Records from a collection:

++++++++

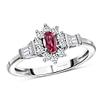 Premium Ouro Fino Rubellite and Natural White Zircon Sunburst Ring in Platinum Over Sterling Silver 0.75 ctw
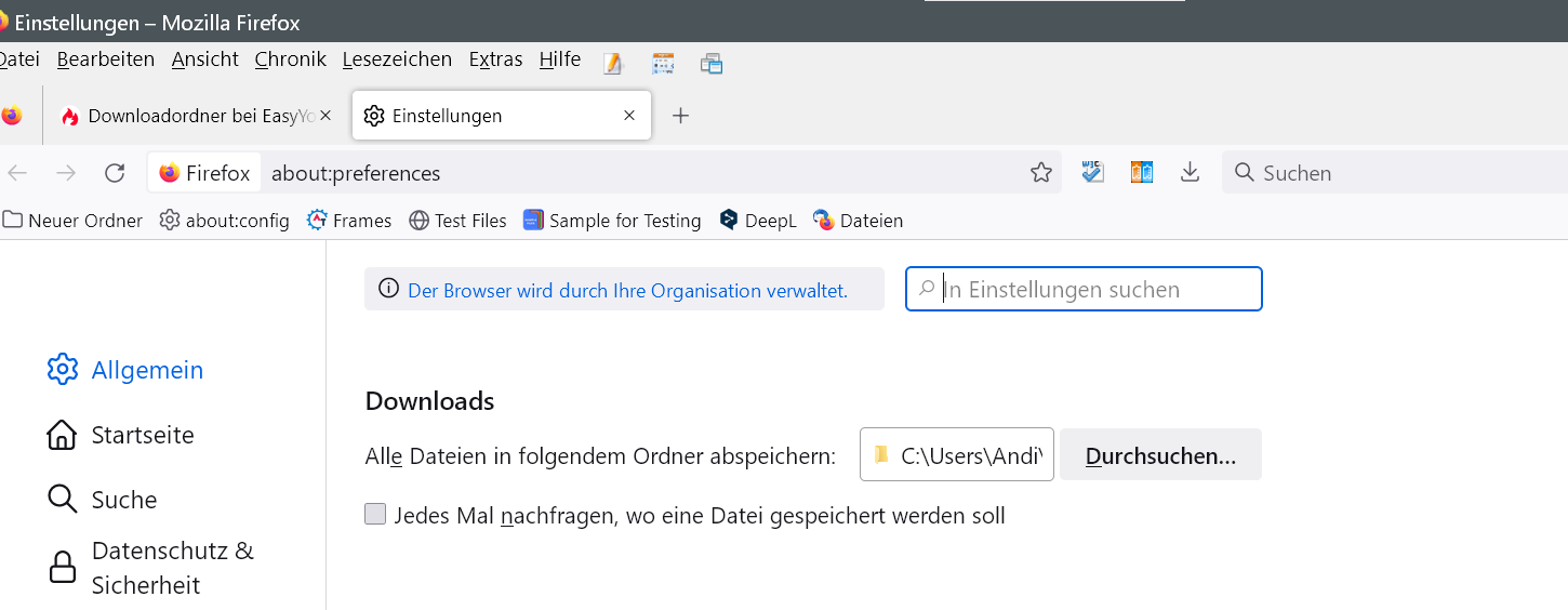 Oder ich hab den Ordner selbst irgendwann/irgendwie als Downloadordner festgelegt - aber keine Ahnung mehr, wie oder wo?
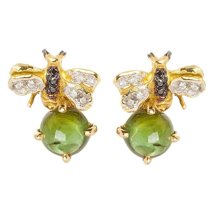 18k yellow gold with 0.10 ct white diamonds, 0.06 ct black diamonds and 3.2 ct green tourmalines.Dimensions: 15 mm height, 13 mm width, 5 mm depth.
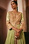 Featuring a green asymmetric kalidar kurta in crushed base with embroidery. It is paired with chanderi printed pants. Accentuate with dangler earrings and heels for festive occasions.
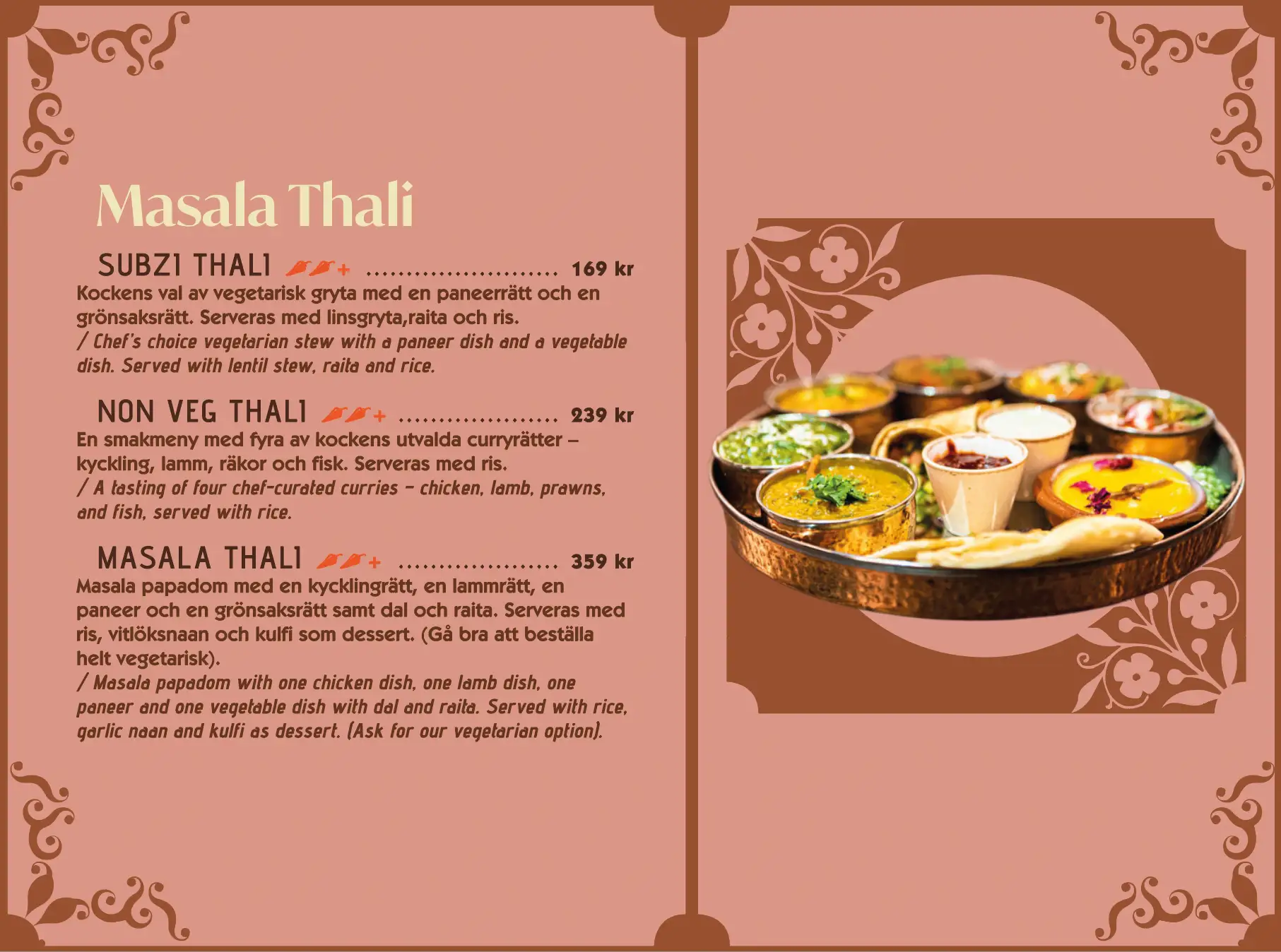 Tillbehör Naan/Roti Vegetariskt Från Havet Street Kitchen Chicken Chef’s Choice Lamm Tandoori Masala Thali Craving Corner Masala Biryani Masala Sharing Desserts Southern Coast (Lundby only)

++++++++

▶ Activity
When copying the records, reproduce every entry exactly and omit all pictures.

▶ Exercise solution
 Premium Ouro Fino Rubellite and Natural White Zircon Sunburst Ring in Platinum Over Sterling Silver 0.75 ctw
 Oder ich hab den Ordner selbst irgendwann/irgendwie als Downloadordner festgelegt - aber keine Ahnung mehr, wie oder wo?
 18k yellow gold with 0.10 ct white diamonds, 0.06 ct black diamonds and 3.2 ct green tourmalines.Dimensions: 15 mm height, 13 mm width, 5 mm depth.
 Featuring a green asymmetric kalidar kurta in crushed base with embroidery. It is paired with chanderi printed pants. Accentuate with dangler earrings and heels for festive occasions.
 Tillbehör Naan/Roti Vegetariskt Från Havet Street Kitchen Chicken Chef’s Choice Lamm Tandoori Masala Thali Craving Corner Masala Biryani Masala Sharing Desserts Southern Coast (Lundby only)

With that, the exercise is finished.